According to CCC, over a very long time, the universe will continue to expand, and its temperature will drop. As the background temperature of the universe drops below a black hole’s temperature, a well-accepted process known as Hawking radiation will cause all black holes to evaporate and disappear (via the radiation of photons which are particles of light). Through this process, all the mass originally contained in black holes will eventually be converted into massless photons.
That’s the first way. Let’s now deal with the second and more difficult scenario of isolated particles. Since the measured expansion of the universe is great enough to allow some particles to escape the gravitational attraction of black holes, there will necessarily remain isolated massive particles as well. Dealing with these particles is one of the more significant challenges CCC faces.
When dealing with these isolated massive particles, we have to consider two different cases: those with charge and those without charge. Uncharged massive particles can, at least in theory, decay into uncharged massless particles like photons. While this has never been observed, it could theoretically happen without violating any fundamental conservation principle. Again, there’s no fundamental law in physics that mass is conserved, only that energy and charge are conserved, and the transformation of an uncharged massive particle into an uncharged massless particle would conserve both energy and charge.
However, massive charged particles present an even bigger problem. They can’t just lose their mass and keep their charge because charged massless particles don’t exist. And, they can’t lose both their charge and their mass because of the fundamental principle of charge conservation. Therefore, particles with both mass and charge pose a really big problem for CCC.
To address this serious problem (page 154), Penrose explains:
The one remaining possibility that occurs to me, and which actually strikes me as something to be considered seriously, not merely the least of all evils, is that the notion of rest-mass is not the absolute constant that we imagine it to be. The idea is that over the reaches of eternity, the surviving massive particles…would find that their very rest-masses would very, very gradually fade away, attaining the values zero in the eventual limit. Again, there's absolutely no observational evidence, as of now, for such a violation of ordering notions concerning rest-mass, but in this case the theoretical backing of the conventional ideas is far less substantial than for charge conservation.
Let’s try to explain that simply. The big question is what to do about a charged massive particle, like an electron. It can’t just turn into an uncharged massless particle, like a photon, because that would violate the principle of charge conservation, and we know based on strong theoretical considerations that charge is always conserved. So the only remaining option is to say that an electron’s mass completely fades away while retaining its charge so that it naturally turns into a charged massless particle.

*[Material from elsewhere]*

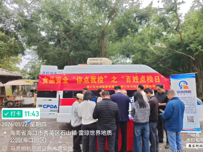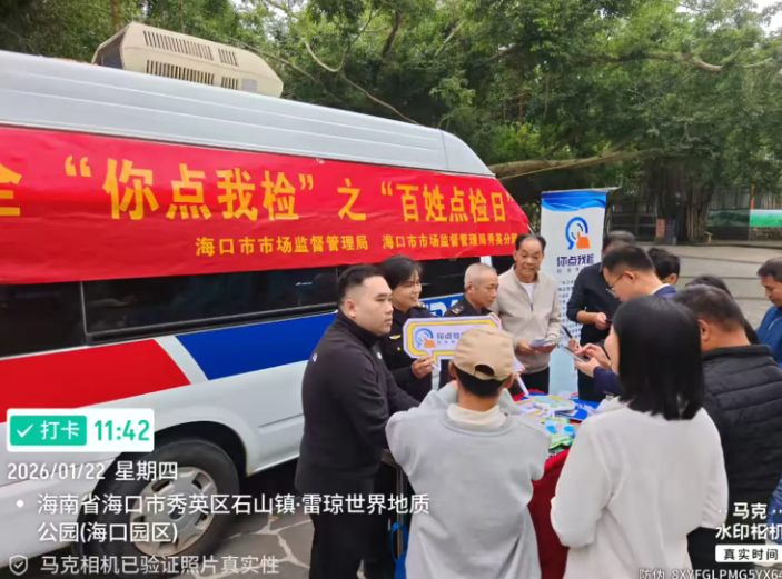 春节前夜,为进一步提拔食物抽检工做参取度,营制食物平安社会共治共享款式,2026年1月22日,海口市市场监视办理局正在区火山口地质公园开展年货购食物平安“你点我检”之“苍生点检日”宣传勾当。以“年货你点我检”为从题,场合和查验项目。

We’ll try to summarize the main idea in plain English. Penrose speculates that some unknown mechanism causes the mass of all isolated particles, both charged and uncharged, to slowly fade out over time. While there’s zero evidence for the claim that mass simply disappears, this plays a critical role in CCC because without it, mass would continue to exist forever and the universe would never lose track of time.
Of course, as far as physicists can measure, the masses of the fundamental particles are always constant. All observations and experiments done to date have shown that the masses have not changed at all since the time of the big bang. This is of course why the masses of the fundamental particles are called constants of nature! If Penrose’s conjecture is true, then the rate of the fade-out time must be very, very slow, such that 14 billion years is still not long enough for us to detect it. Of course, that’s a good thing for us because if it faded out too quickly, it would be impossible for galaxies, planets, and life to ever form.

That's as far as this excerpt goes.